• _Exercise goal_
Write the entries out again exactly; any picture among them gets left out.

• _Information given_
*** Block opens ***

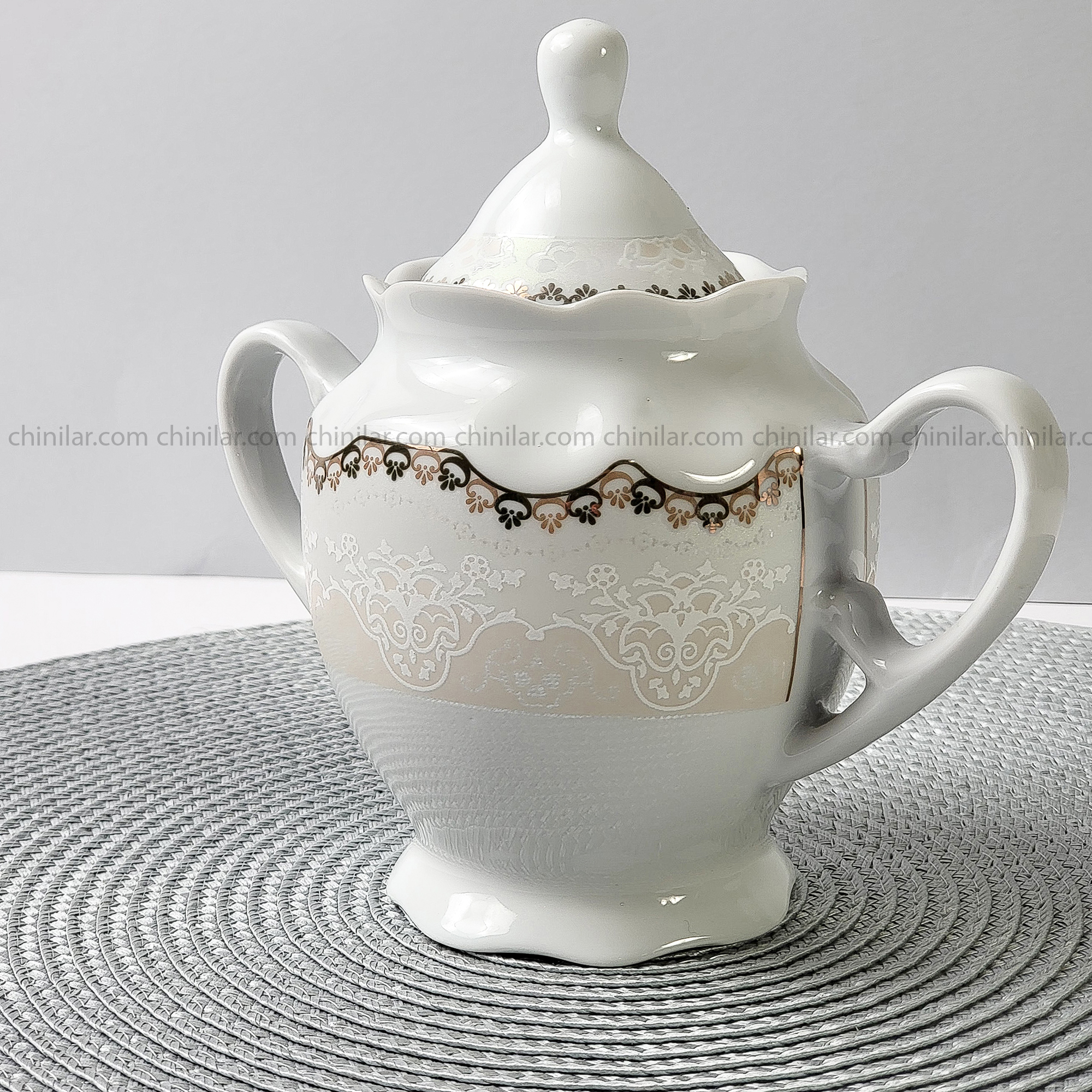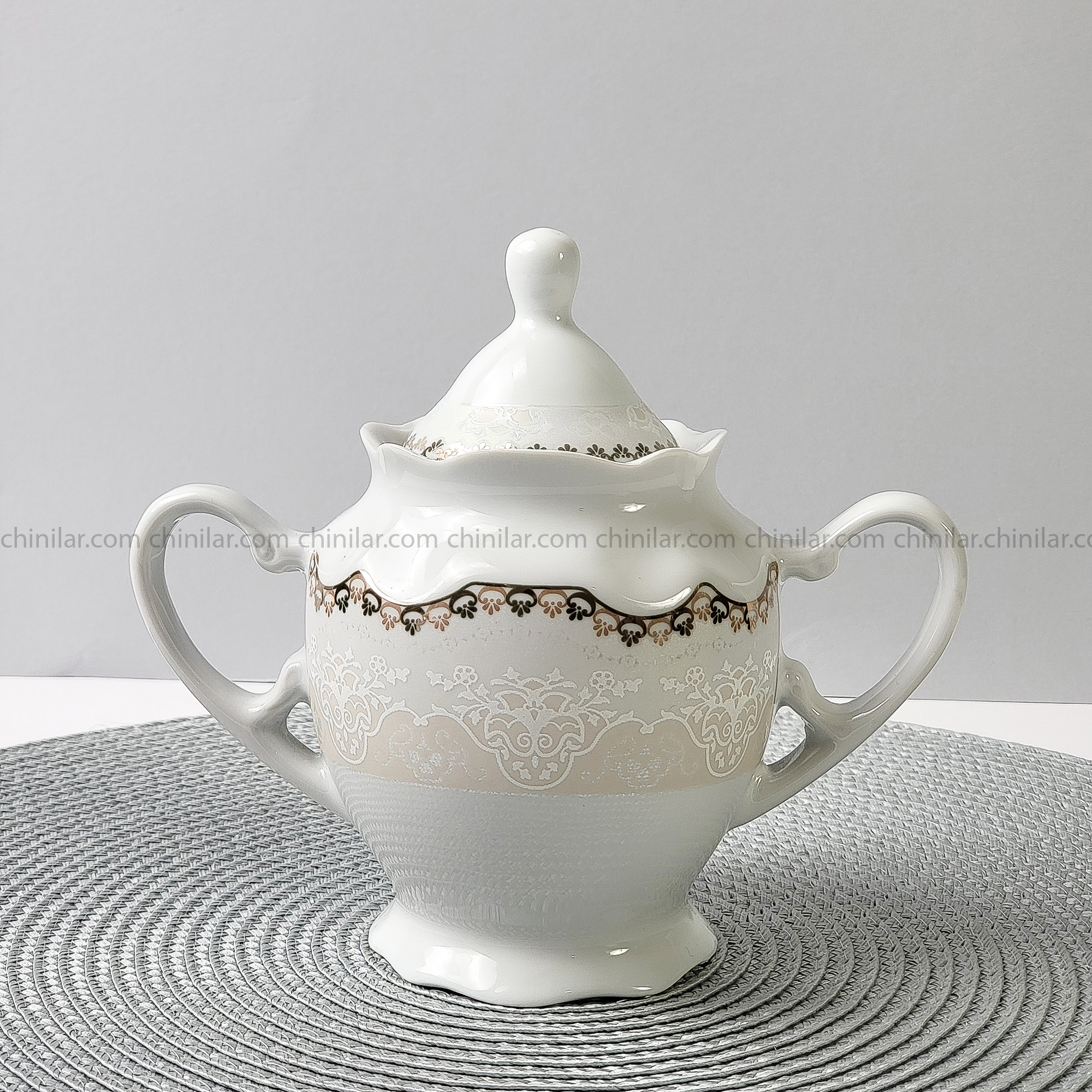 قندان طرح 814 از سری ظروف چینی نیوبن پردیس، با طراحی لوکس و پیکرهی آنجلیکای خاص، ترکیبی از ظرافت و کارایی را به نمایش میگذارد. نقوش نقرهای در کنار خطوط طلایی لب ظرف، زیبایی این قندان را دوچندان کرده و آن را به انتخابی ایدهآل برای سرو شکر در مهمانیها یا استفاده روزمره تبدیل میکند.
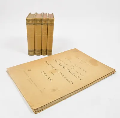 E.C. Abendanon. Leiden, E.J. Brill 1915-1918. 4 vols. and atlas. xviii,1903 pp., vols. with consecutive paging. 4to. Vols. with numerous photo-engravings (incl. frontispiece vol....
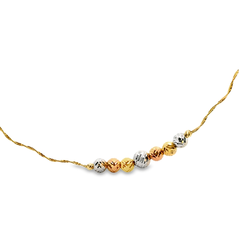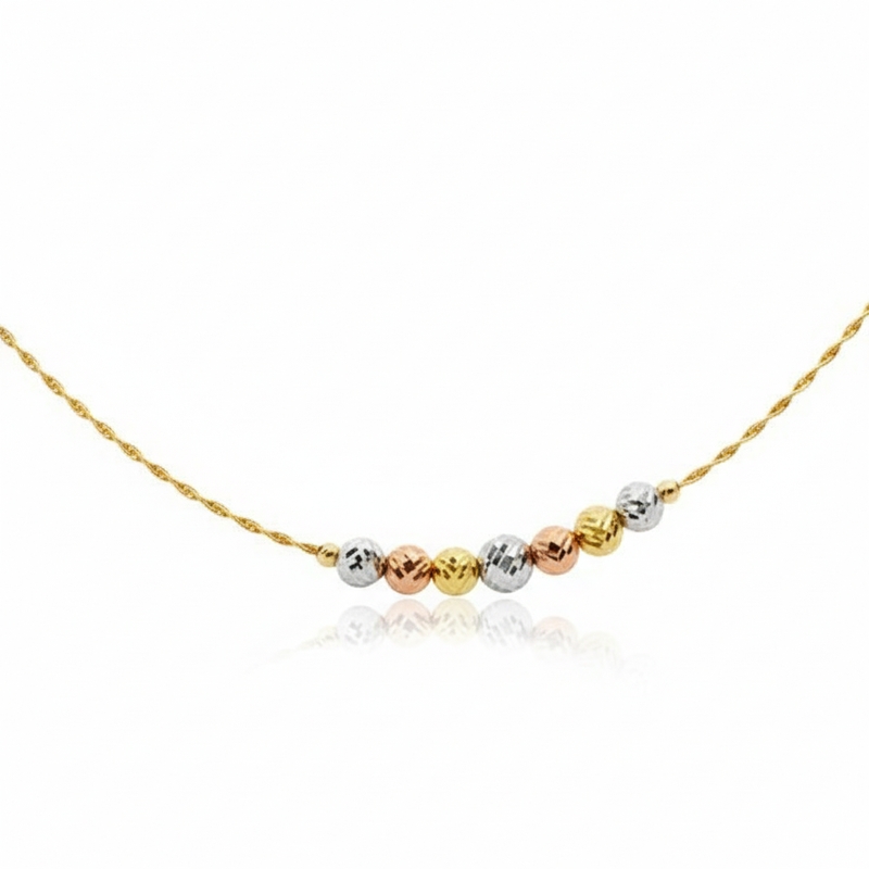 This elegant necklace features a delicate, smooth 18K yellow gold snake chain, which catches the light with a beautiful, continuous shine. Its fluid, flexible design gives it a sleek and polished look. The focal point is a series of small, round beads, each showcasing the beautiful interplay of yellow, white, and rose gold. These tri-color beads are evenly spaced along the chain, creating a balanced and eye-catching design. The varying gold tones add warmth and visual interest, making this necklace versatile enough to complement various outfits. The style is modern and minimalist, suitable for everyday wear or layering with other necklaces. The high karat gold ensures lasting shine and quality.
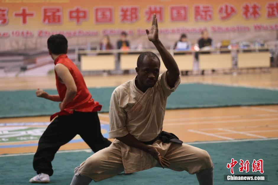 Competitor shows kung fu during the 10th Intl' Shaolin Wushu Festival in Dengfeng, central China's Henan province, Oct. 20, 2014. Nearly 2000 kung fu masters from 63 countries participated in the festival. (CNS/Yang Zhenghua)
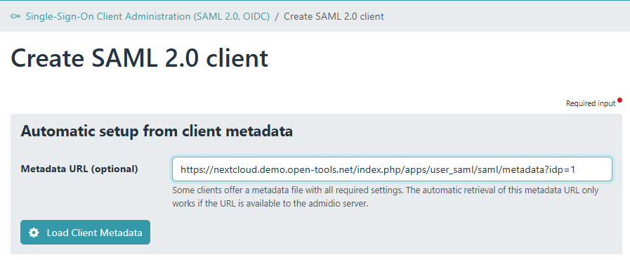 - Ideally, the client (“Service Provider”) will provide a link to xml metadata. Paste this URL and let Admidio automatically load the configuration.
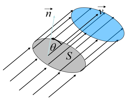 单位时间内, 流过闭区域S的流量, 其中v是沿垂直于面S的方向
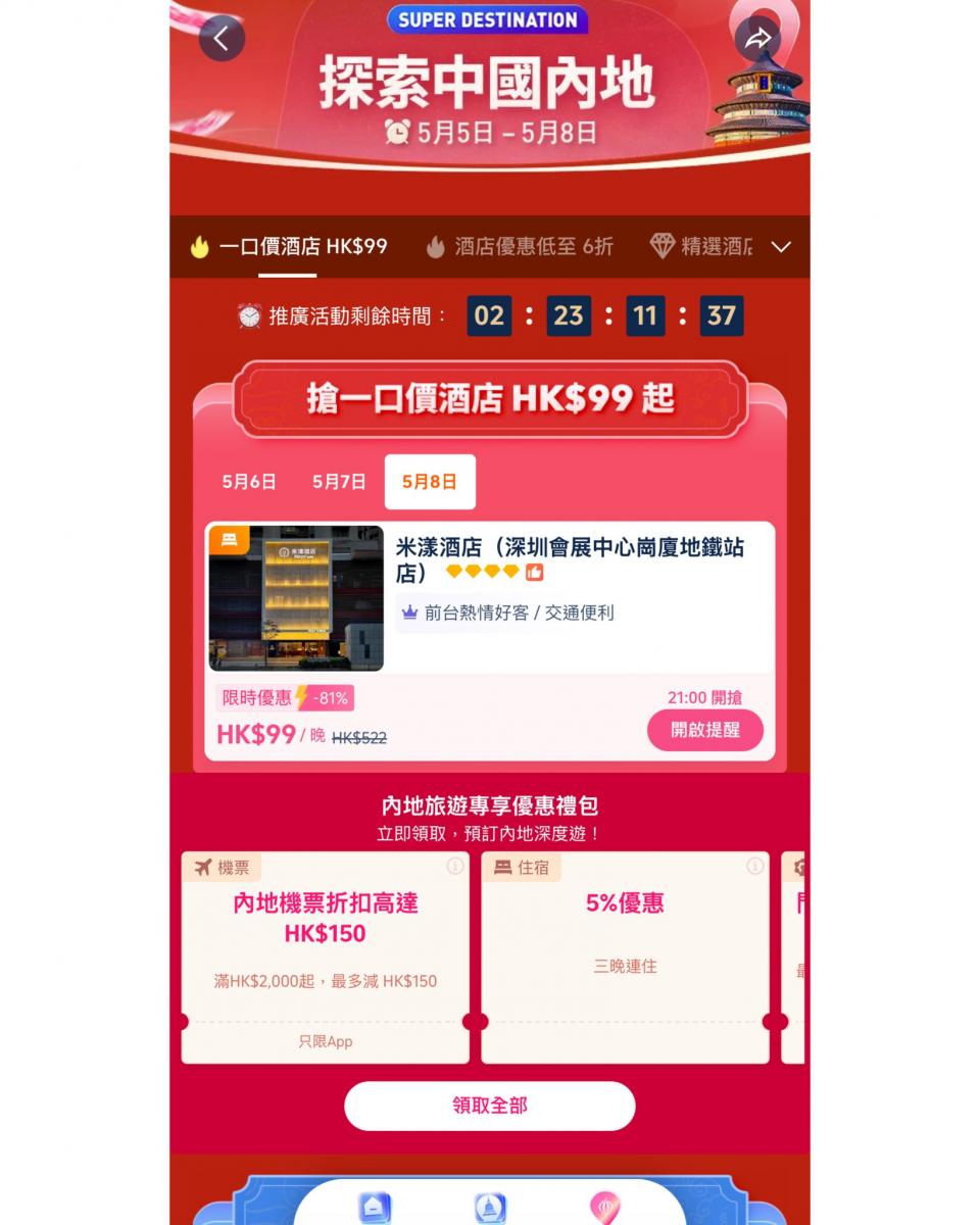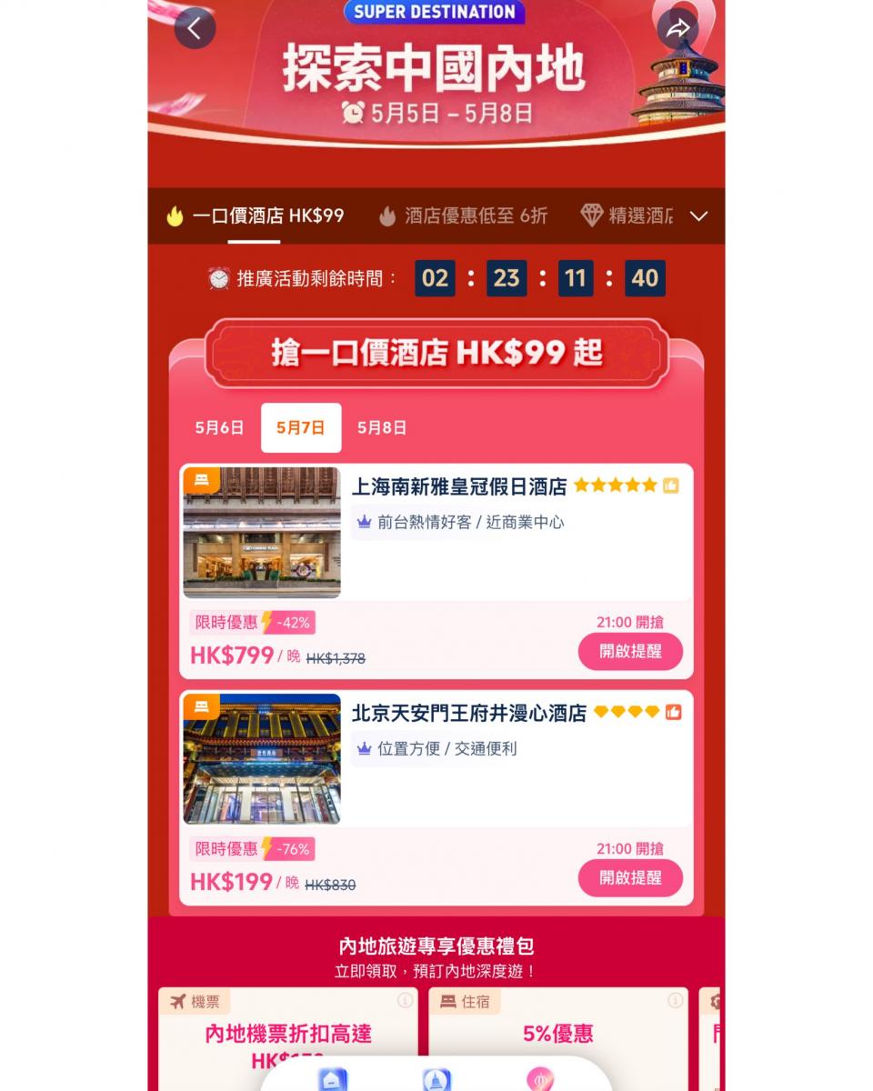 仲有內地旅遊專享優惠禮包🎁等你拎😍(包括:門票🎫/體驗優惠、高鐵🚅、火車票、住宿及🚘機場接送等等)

*** Block closes ***

• _Exercise answer_
 قندان طرح 814 از سری ظروف چینی نیوبن پردیس، با طراحی لوکس و پیکرهی آنجلیکای خاص، ترکیبی از ظرافت و کارایی را به نمایش میگذارد. نقوش نقرهای در کنار خطوط طلایی لب ظرف، زیبایی این قندان را دوچندان کرده و آن را به انتخابی ایدهآل برای سرو شکر در مهمانیها یا استفاده روزمره تبدیل میکند.
 E.C. Abendanon. Leiden, E.J. Brill 1915-1918. 4 vols. and atlas. xviii,1903 pp., vols. with consecutive paging. 4to. Vols. with numerous photo-engravings (incl. frontispiece vol....
 This elegant necklace features a delicate, smooth 18K yellow gold snake chain, which catches the light with a beautiful, continuous shine. Its fluid, flexible design gives it a sleek and polished look. The focal point is a series of small, round beads, each showcasing the beautiful interplay of yellow, white, and rose gold. These tri-color beads are evenly spaced along the chain, creating a balanced and eye-catching design. The varying gold tones add warmth and visual interest, making this necklace versatile enough to complement various outfits. The style is modern and minimalist, suitable for everyday wear or layering with other necklaces. The high karat gold ensures lasting shine and quality.
 Competitor shows kung fu during the 10th Intl' Shaolin Wushu Festival in Dengfeng, central China's Henan province, Oct. 20, 2014. Nearly 2000 kung fu masters from 63 countries participated in the festival. (CNS/Yang Zhenghua)
 - Ideally, the client (“Service Provider”) will provide a link to xml metadata. Paste this URL and let Admidio automatically load the configuration.
 单位时间内, 流过闭区域S的流量, 其中v是沿垂直于面S的方向
 仲有內地旅遊專享優惠禮包🎁等你拎😍(包括:門票🎫/體驗優惠、高鐵🚅、火車票、住宿及🚘機場接送等等)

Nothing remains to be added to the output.